Rising temperatures across the continent
The European State of the Climate 2025 report found that at least 95% of the continent recorded above-average temperatures last year and has been warming at more than twice the global average rate since the 1980s.

Date taken from: European State of the Climate 2025 report
European land temperatures are now running approximately 2.4°C above pre-industrial levels, the report said.
"Europe is the fastest-warming continent, and the impacts are already severe," said Florian Pappenberger, Director-General of the ECMWF, which co-produced the report. "Almost the whole region has seen above-average annual temperatures."
The WHO said in a statement accompanying the report that the continent experienced "record heatwaves from the Mediterranean to the Arctic," alongside continued glacier retreat and rising sea surface temperatures.
Oceans and glaciers in net loss
According to the report summary, the annual sea surface temperature for the European ocean region was the highest on record in 2025, the fourth consecutive year that the record was broken.
Glaciers across Europe recorded net mass loss, with Iceland experiencing its second-largest glacier loss on record.

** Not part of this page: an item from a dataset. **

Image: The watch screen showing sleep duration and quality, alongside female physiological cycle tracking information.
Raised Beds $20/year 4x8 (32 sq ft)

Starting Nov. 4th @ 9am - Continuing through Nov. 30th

Date taken from: European State of the Climate 2025 report
The Greenland Ice Sheet lost around 139 billion tonnes of ice, "equivalent to losing 100 Olympic-sized swimming pools every single hour", said Samantha Burgess, strategic lead for climate at the European Centre for Medium-Range Weather Forecasts (ECMWF), which operates Copernicus.
Wildfires and emissions surge
Around 1,034,000 hectares burned across Europe in 2025, an area larger than Cyprus, the report said, with wildfire emissions also reaching their highest recorded levels.

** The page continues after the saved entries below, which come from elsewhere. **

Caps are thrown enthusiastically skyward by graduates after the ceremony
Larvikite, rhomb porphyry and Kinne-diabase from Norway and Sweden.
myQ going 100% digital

Spain accounted for roughly half of those emissions, with fires across the Iberian Peninsula in August proving particularly destructive.
Above-average spring rainfall had produced abundant vegetation that summer heat subsequently dried into fuel. Cyprus, the United Kingdom, the Netherlands, and Germany each set national records for wildfire emissions.
The report warned that peatland fires, which can smolder underground for months and release large stores of long-sequestered carbon when they burn, posed a compounding threat to both biodiversity and the climate.
Biodiversity at risk
The report devoted significant attention this year to the accelerating link between climate change and biodiversity loss, finding that 2025's droughts, wildfires, and marine heatwaves caused measurable harm to species and habitats across marine and terrestrial ecosystems.
The European Union's Biodiversity Strategy 2030, which includes legally binding targets to restore at least 20% of land and sea areas by 2030, had seen roughly half its recommended actions completed or underway by the end of 2025, the report said, but cautioned that progress must accelerate to keep pace with ecological loss.
In a post on X, the agency described the findings as further evidence of accelerating climate change across the region, warning that the impacts are becoming increasingly severe and widespread.
The Copernicus Climate Change Service warned that if warming continues at its present rate, the Paris Agreement's 1.5°C long-term limit could be breached before the end of this decade, more than a decade ahead of the timeline envisioned when the accord was signed.